> **COLLECTED DATA**
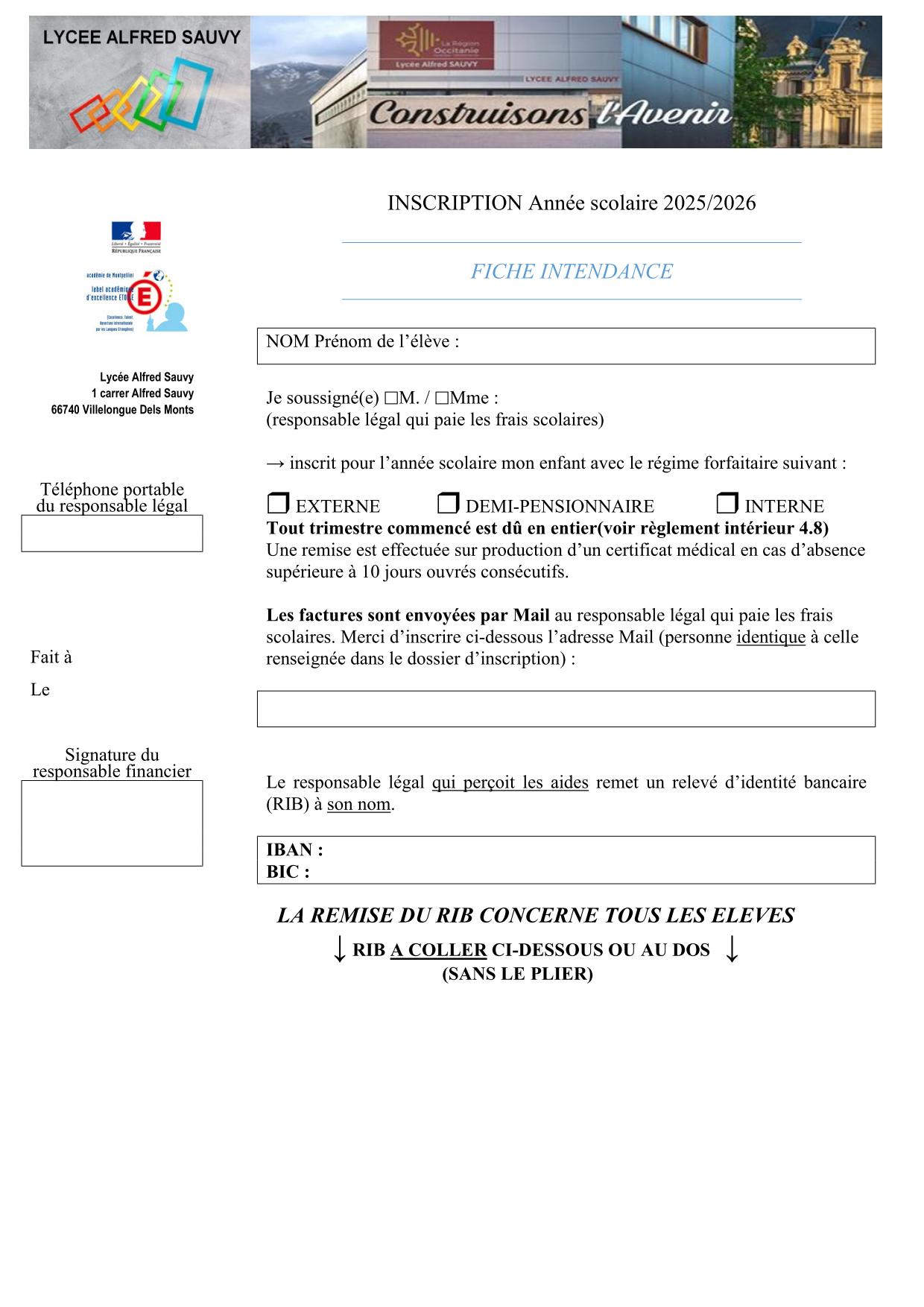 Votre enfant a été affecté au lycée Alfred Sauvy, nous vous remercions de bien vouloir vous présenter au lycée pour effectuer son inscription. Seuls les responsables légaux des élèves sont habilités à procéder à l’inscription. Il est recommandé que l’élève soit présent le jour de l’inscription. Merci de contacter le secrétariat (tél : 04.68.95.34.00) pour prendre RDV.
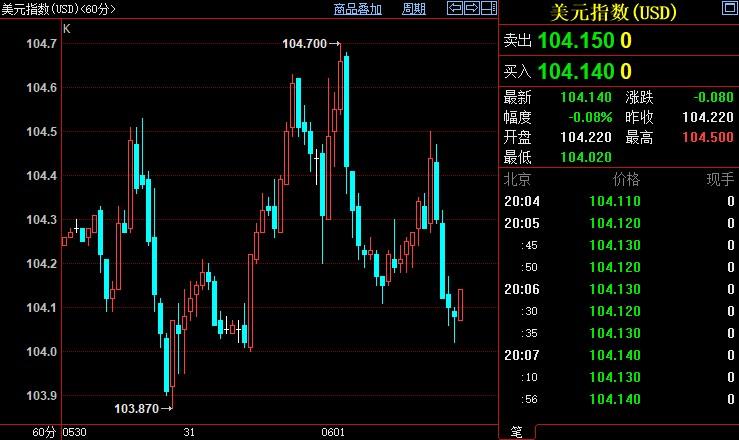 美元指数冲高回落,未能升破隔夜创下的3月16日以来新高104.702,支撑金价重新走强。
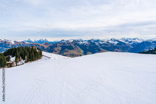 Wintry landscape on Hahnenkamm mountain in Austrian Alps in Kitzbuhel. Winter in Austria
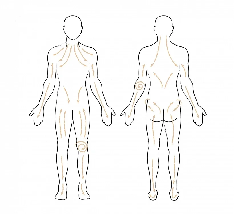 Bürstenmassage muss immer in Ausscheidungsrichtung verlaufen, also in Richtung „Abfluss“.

> **WHAT YOU ARE ASKED TO DO**
Copy the listing exactly, omitting pictures.

> **COMPLETED TASK**
 Votre enfant a été affecté au lycée Alfred Sauvy, nous vous remercions de bien vouloir vous présenter au lycée pour effectuer son inscription. Seuls les responsables légaux des élèves sont habilités à procéder à l’inscription. Il est recommandé que l’élève soit présent le jour de l’inscription. Merci de contacter le secrétariat (tél : 04.68.95.34.00) pour prendre RDV.
 美元指数冲高回落,未能升破隔夜创下的3月16日以来新高104.702,支撑金价重新走强。
 Wintry landscape on Hahnenkamm mountain in Austrian Alps in Kitzbuhel. Winter in Austria
 Bürstenmassage muss immer in Ausscheidungsrichtung verlaufen, also in Richtung „Abfluss“.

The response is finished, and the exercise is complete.